How Operations Flow

This document outlines the data flow within a Qleany-generated application, detailing how data is processed and transferred between components. Both the C++/Qt and Rust targets follow the same architecture, with language-appropriate implementations. If you’re lost in the generated code, start here.

The Big Picture

Every operation in a Qleany application, whether creating a Calendar, updating a CalendarEvent, or running a custom feature use case, follows the same pipeline:

UI → Controller → Use Case → Unit of Work → Repository → Table → Database

And on the way back:

Database → Table → Repository (events queued) → Unit of Work → Use Case (produces return DTO) → Controller → UI receives result. Events are flushed.

The key invariant: events are never sent until the transaction commits. If anything goes wrong, the transaction rolls back, the events are discarded, and the UI never sees a thing. No half-baked state, no confused models, no fun debugging sessions at 2 AM.

Commands

Commands are operations that modify data. There are two flavors:

• Undoable commands: modify entities marked undoable: true in the manifest. They are executed through the undo/redo system, which keeps them on a named stack for later undo/redo. Each use case captures enough state to reverse itself.

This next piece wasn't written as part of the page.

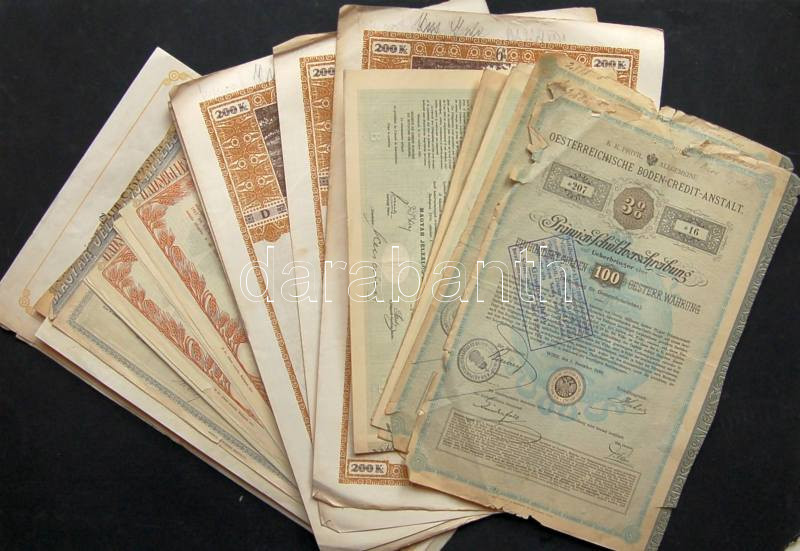 Kis hagyaték tétel, benne részvények, nyeremény kötvények, kötelezvények, sorsjegyek 1880-1926-ig 29db magyar + 2db osztrák, benne sok egymásutáni sorszám!

• Not-undoable commands: same machinery, same pipeline, but they live on a dedicated throwaway stack (size 1 in C++/Qt, stack_id: None maps to global stack 0 in Rust). After execution, the stack is cleared. You get the transactional safety without the history.

C++/Qt Command Flow

Let’s trace an update of a Calendar entity, from button press to UI refresh:

── Controller setup ──────────────────────────────────────────────

1.  UI action
2.  CalendarController::update(QList<CalendarDto>)
      2a. creates CalendarUnitOfWork (owns DbSubContext + SignalBuffer)
      2b. creates UpdateCalendarUseCase (owns the UoW)
      2c. wraps the use case in an UndoRedoCommand
      2d. co_awaits UndoRedoSystem::executeCommandAsync()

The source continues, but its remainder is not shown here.